History

United States
- Laid down: date unknown
- Launched: 1863
- Acquired: 1863
- In service: 31 July 1863
- Out of service: 1865
- Stricken: 1865 (est.)
- Fate: Sold, 12 August 1865

General characteristics
- Displacement: 80 tons
- Length: not known
- Beam: not known
- Draught: not known
- Propulsion: steam engine; side wheel-propelled;
- Speed: not known
- Complement: 56
- Armament: one 20-pounder rifle; one 12-pounder rifle; one 24-pounder howitzer; one 12-pounder howitzer;

= USS Commodore (1863) =

Gunboat of the United States Navy

The first USS Commodore was a steamer acquired by the Union Navy during the American Civil War. She was used by the Union Navy to patrol navigable waterways of the Confederacy to prevent the South from trading with other countries.

== Civil War service ==

Commodore, a side wheel steamer, was built at New Orleans, Louisiana, and fitted for service with the West Gulf Blockading Squadron during 1863. On 31 July 1863 Acting Master John R. Hamilton was ordered to her command with instructions to patrol in Lake Pontchartrain, Louisiana. The small steamer remained there throughout the war.

== Renamed Fort Gaines ==

She was renamed Fort Gaines on 1 September 1864.

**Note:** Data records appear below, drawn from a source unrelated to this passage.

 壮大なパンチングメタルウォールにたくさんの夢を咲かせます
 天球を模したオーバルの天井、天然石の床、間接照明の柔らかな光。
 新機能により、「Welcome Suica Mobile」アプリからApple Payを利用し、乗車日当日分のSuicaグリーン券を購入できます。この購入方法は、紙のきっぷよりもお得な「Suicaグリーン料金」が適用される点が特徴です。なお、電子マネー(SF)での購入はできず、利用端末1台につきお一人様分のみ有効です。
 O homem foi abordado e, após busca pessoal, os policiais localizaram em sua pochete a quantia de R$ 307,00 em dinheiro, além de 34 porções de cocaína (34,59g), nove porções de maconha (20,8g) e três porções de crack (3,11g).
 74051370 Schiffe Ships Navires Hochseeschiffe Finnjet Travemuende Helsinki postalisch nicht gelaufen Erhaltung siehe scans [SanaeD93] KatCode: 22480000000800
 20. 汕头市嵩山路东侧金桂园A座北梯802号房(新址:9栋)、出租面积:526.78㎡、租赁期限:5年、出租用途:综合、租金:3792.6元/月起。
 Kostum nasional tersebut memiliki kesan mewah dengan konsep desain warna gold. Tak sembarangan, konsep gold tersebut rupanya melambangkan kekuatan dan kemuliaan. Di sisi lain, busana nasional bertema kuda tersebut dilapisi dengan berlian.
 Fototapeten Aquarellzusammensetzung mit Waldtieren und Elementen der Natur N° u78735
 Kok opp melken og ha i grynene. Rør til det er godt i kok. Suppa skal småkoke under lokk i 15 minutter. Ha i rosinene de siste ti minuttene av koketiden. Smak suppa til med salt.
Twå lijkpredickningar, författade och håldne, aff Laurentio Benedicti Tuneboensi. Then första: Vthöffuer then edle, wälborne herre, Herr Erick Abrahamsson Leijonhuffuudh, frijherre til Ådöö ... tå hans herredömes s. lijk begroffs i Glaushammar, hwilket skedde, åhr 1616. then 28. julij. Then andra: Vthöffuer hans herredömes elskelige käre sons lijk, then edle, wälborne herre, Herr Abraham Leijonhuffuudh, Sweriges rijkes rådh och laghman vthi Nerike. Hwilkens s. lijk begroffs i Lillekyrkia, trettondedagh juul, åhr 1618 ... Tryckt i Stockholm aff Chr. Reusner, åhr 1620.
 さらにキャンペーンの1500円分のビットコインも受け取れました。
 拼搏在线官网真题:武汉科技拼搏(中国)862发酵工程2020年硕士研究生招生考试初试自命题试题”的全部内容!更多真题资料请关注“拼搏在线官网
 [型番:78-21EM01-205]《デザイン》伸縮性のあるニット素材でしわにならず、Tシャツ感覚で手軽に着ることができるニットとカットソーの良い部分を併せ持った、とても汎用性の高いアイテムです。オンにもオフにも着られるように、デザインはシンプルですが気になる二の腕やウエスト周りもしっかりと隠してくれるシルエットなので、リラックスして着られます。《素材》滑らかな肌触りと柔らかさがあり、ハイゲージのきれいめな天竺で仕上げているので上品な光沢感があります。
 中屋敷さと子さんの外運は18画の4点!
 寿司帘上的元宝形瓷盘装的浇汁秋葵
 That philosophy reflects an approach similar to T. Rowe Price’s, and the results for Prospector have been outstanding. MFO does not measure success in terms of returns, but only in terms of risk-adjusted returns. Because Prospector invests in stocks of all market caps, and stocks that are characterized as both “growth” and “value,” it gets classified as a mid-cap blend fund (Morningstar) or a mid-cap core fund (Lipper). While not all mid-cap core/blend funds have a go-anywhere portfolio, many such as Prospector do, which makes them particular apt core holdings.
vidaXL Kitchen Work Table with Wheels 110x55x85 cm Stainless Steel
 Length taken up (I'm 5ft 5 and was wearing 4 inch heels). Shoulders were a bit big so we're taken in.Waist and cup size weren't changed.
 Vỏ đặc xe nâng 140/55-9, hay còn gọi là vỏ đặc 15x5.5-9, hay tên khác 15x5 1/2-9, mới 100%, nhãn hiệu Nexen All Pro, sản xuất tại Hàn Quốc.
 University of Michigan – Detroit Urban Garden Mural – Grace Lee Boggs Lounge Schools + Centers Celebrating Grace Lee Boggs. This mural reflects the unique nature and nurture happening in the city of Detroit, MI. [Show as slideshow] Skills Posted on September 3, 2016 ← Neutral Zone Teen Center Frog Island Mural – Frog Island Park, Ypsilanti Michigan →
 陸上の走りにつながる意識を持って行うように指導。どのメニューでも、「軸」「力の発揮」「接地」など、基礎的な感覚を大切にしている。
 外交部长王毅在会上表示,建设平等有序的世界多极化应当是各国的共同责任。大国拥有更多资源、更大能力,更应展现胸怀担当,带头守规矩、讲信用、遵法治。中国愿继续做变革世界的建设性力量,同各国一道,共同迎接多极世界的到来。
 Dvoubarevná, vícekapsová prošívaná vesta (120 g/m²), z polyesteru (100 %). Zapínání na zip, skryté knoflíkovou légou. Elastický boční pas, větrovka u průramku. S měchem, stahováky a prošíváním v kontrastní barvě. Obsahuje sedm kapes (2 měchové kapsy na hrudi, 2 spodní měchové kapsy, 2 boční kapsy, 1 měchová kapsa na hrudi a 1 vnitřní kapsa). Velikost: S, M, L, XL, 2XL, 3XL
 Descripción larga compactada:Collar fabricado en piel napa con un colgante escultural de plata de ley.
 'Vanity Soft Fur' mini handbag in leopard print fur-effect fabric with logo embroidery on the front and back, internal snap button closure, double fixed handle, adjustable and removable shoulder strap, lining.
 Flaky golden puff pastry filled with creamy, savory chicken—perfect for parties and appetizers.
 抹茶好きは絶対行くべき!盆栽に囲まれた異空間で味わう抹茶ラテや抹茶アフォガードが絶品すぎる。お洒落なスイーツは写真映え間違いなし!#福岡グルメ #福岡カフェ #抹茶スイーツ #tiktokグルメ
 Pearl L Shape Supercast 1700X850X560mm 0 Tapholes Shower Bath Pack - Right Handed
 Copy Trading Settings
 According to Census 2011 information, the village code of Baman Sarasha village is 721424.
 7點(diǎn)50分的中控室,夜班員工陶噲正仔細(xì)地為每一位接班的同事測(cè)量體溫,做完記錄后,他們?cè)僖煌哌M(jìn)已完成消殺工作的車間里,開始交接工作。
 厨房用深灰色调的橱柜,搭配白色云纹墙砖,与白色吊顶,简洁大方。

== Post-war decommissioning and disposal ==

Commodore was sold at New Orleans, 12 August 1865 to a private company in Wilmington, NC. She later sank on the shore of the Cape Fear River's Eagle Island in the Wilmington Harbor not far from the current museum ship USS North Carolina.
 Prior to sinking, after decommissioning, the ship was renamed the “waccamaw”, and used as a river ferry.